Yaroslav Solonynko (born April 2, 1991) is a Ukrainian footballer who plays with Toronto Falcons in the Canadian Soccer League.

== Career ==

=== Europe ===
Solonynko began his career in 2008 with Dynamo Khmelnytskyi in the Ukrainian Second League. Throughout his tenure with Dynamo, he played in 20 matches over two seasons. In 2010, he signed a contract with Obolon-Brovar Kyiv of the Ukrainian Premier League. After failing to break into the first team with Kyiv, he returned to his former club, Dynamo, on a loan deal in 2011.
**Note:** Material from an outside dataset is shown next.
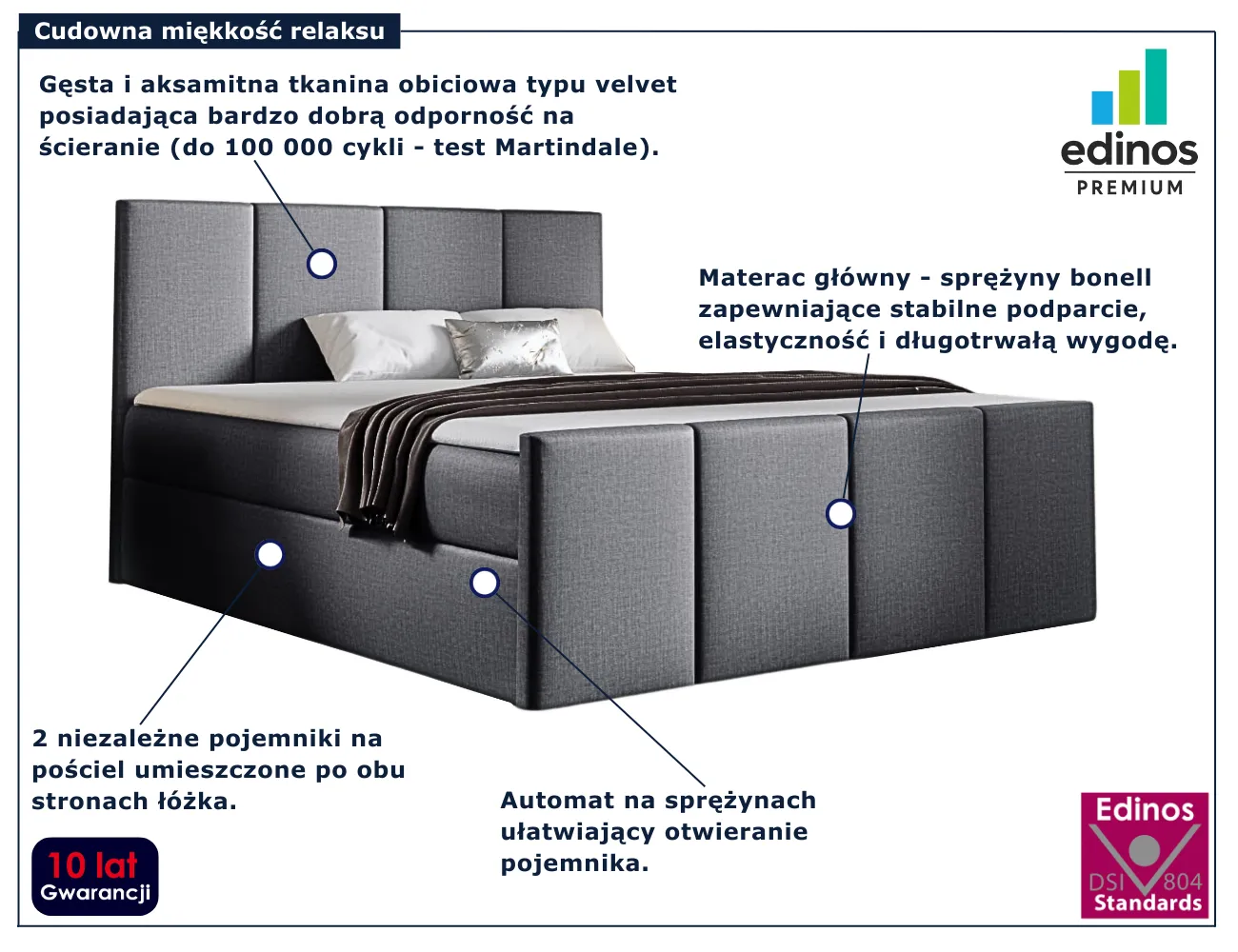 Wybierając Meravino 3X marki Edinos Premium, zyskujesz nie tylko eleganckie łóżko kontynentalne, ale przede wszystkim wygodę, która codziennie realnie wpływa na jakość Twojego wypoczynku. To mebel, który wprowadza do sypialni ład, styl i funkcjonalność, a Tobie daje poczucie pełnego relaksu. Przekonaj się jak wiele zmienia komfortowy sen!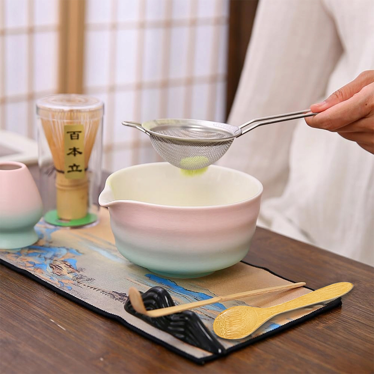 🌱🌱 Набор матча с метлой – набор из 8 предметов: миска для матча, бамбуковая метла для матча, ложки, сито и другие аксессуары. Идеальный стартовый набор для церемонии заваривания матча (розовый градиент)

He remained in the Second League by signing with league rivals Hirnyk-Sport Horishni Plavni in 2012. During his tenure with Hirnyk-Sport, he debuted in the Ukrainian Cup against Naftovyk Okhtyrka, where he scored a goal. They were eliminated in the next round by Ukrainian Premier League side Tavriya Simferopol. He played in the Russian Professional Football League with Zhemchuzhina Yalta the following season. In 2014, he played abroad in Poland's IV liga with Rol.Ko Konojady. In 2016, he returned to Ukraine to sign with FC Ternopil in the Ukrainian First League. In his debut season with Ternopil, he played in 16 matches.

=== Canada ===
After the relegation of Ternopil, he went overseas to play in the Canadian Soccer League with FC Vorkuta. Throughout the season, he helped secure the league's first division title. In his second season with Vorkuta, he assisted in securing the CSL Championship. In 2020, he assisted in securing Vorkuta's second championship title after defeating Scarborough SC.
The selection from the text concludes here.